▶ **WORK ITEM**
Beginning with the line that contains "Alora Premium 60-Inch" and ending with the line that contains "3. С. 69-83.  EDN: LAEFPC", reproduce the lines of the entries below exactly, omitting pictures.

▶ **LISTED RECORDS**
════════════════════
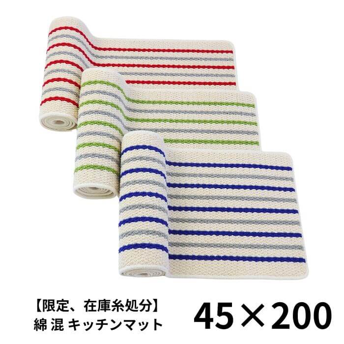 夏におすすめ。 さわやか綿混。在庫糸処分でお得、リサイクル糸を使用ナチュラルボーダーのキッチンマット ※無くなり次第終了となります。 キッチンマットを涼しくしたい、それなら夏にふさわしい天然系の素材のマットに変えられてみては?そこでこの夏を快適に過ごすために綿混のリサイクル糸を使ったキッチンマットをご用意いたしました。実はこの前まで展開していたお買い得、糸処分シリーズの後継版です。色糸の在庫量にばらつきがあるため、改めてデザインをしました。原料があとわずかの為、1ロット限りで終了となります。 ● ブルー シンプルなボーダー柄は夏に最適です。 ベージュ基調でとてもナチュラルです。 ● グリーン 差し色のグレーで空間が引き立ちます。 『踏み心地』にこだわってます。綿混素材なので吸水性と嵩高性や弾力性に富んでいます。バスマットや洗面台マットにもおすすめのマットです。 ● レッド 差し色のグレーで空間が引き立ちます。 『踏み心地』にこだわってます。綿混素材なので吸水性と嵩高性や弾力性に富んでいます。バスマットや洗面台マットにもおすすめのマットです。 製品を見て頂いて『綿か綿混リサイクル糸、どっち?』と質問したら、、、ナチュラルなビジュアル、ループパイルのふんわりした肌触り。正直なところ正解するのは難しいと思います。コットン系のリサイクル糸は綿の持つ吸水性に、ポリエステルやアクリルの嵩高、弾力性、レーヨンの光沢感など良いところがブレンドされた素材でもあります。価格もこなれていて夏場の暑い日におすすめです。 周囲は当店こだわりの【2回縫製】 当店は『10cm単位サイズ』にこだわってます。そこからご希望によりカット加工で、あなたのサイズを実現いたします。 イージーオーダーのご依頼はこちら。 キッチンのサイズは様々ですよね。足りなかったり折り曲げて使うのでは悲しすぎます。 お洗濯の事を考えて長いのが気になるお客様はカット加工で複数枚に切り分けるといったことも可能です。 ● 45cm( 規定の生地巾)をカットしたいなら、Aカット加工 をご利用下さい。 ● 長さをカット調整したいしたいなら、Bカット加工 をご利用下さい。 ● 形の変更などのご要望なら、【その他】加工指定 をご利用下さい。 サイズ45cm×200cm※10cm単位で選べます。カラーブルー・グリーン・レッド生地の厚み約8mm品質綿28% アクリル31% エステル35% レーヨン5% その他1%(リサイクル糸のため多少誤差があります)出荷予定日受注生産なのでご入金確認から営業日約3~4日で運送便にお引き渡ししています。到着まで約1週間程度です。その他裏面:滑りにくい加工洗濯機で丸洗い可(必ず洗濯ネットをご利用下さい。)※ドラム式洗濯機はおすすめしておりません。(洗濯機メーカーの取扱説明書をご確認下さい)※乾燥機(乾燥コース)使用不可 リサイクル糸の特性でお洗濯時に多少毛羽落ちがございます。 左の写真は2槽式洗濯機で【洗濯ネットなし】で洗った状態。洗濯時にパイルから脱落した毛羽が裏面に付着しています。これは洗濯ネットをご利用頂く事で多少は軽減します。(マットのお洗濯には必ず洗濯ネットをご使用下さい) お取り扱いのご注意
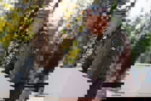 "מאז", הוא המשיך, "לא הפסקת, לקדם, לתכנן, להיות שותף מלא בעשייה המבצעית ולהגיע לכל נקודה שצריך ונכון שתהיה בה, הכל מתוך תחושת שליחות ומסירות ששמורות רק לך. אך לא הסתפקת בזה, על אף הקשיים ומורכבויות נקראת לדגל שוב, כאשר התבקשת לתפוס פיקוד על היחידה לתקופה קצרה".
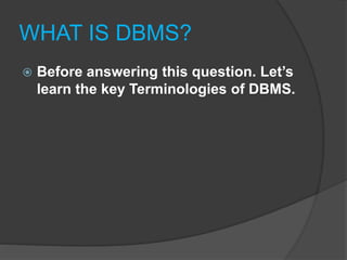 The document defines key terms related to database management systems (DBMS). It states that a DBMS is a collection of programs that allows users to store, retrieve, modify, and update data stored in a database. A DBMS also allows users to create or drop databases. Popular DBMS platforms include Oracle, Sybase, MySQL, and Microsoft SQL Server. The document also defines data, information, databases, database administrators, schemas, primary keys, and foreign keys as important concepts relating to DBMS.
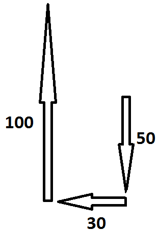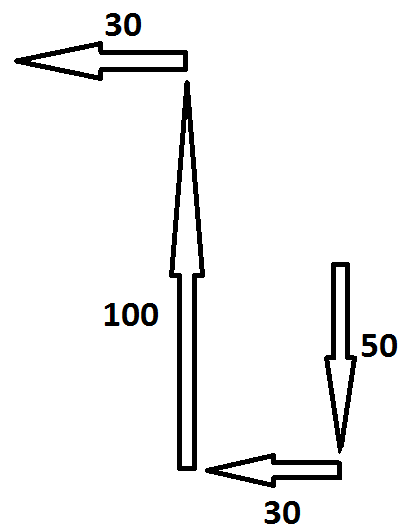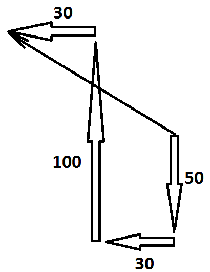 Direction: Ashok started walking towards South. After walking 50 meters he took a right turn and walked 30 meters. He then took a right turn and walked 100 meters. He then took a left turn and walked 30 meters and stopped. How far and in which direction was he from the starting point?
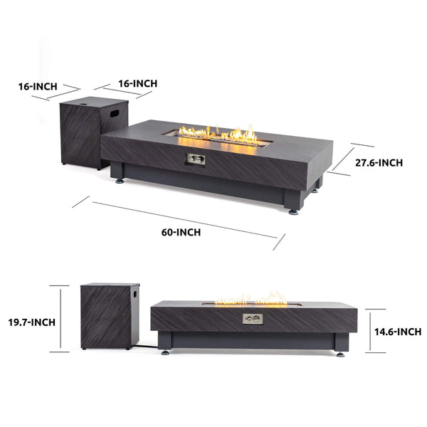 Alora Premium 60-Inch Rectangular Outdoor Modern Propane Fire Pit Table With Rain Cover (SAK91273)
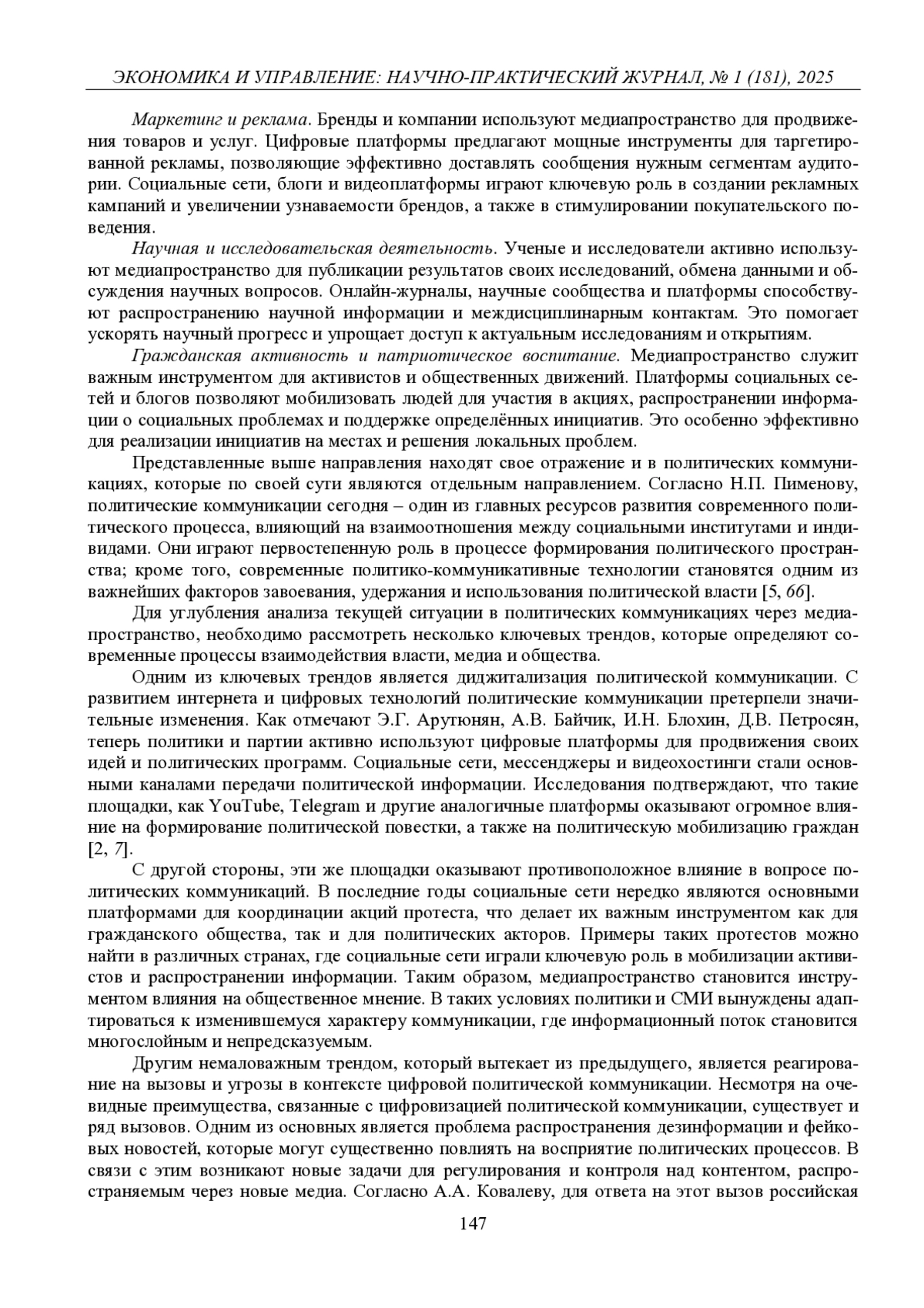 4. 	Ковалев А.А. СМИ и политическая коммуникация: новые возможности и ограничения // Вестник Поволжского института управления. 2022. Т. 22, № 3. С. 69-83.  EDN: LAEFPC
════════════════════
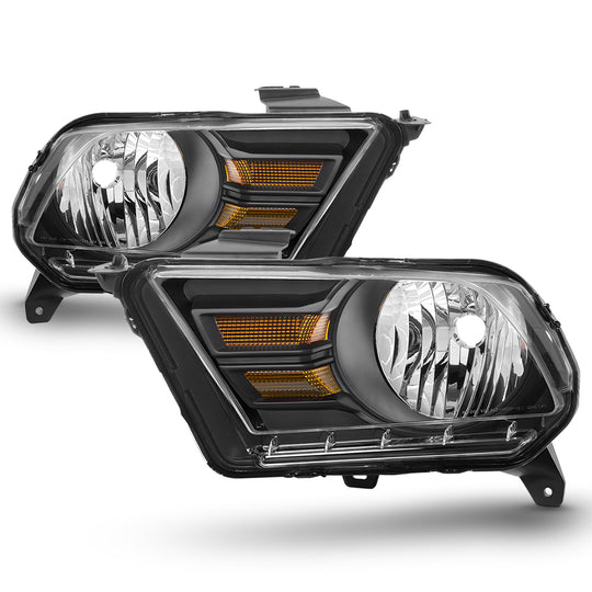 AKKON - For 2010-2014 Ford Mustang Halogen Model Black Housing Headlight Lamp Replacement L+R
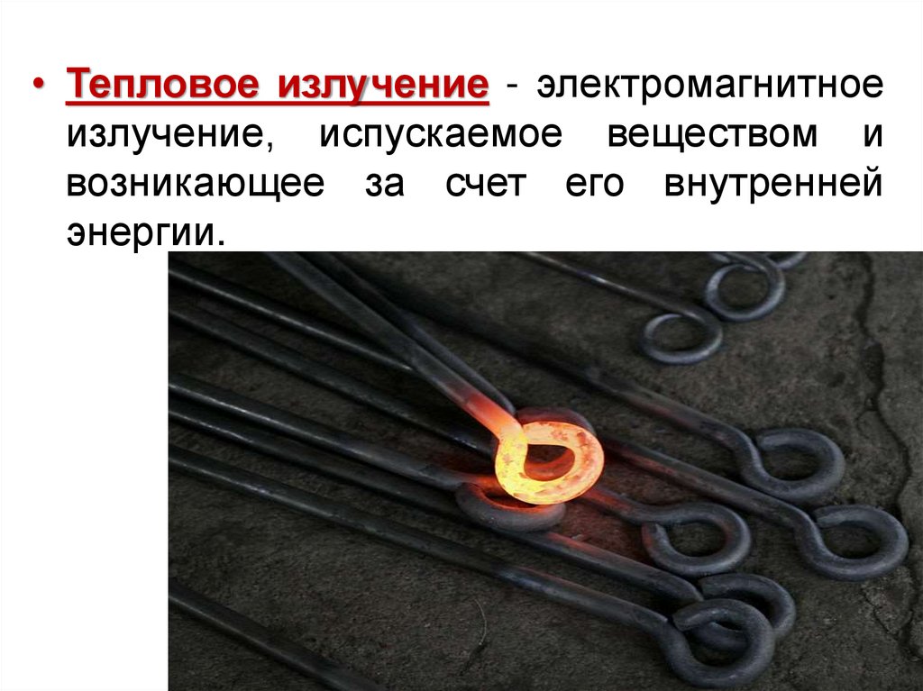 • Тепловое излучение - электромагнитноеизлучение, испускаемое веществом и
════════════════════
▶ **REPLY TO THE EXERCISE**
 Alora Premium 60-Inch Rectangular Outdoor Modern Propane Fire Pit Table With Rain Cover (SAK91273)
 4. 	Ковалев А.А. СМИ и политическая коммуникация: новые возможности и ограничения // Вестник Поволжского института управления. 2022. Т. 22, № 3. С. 69-83.  EDN: LAEFPC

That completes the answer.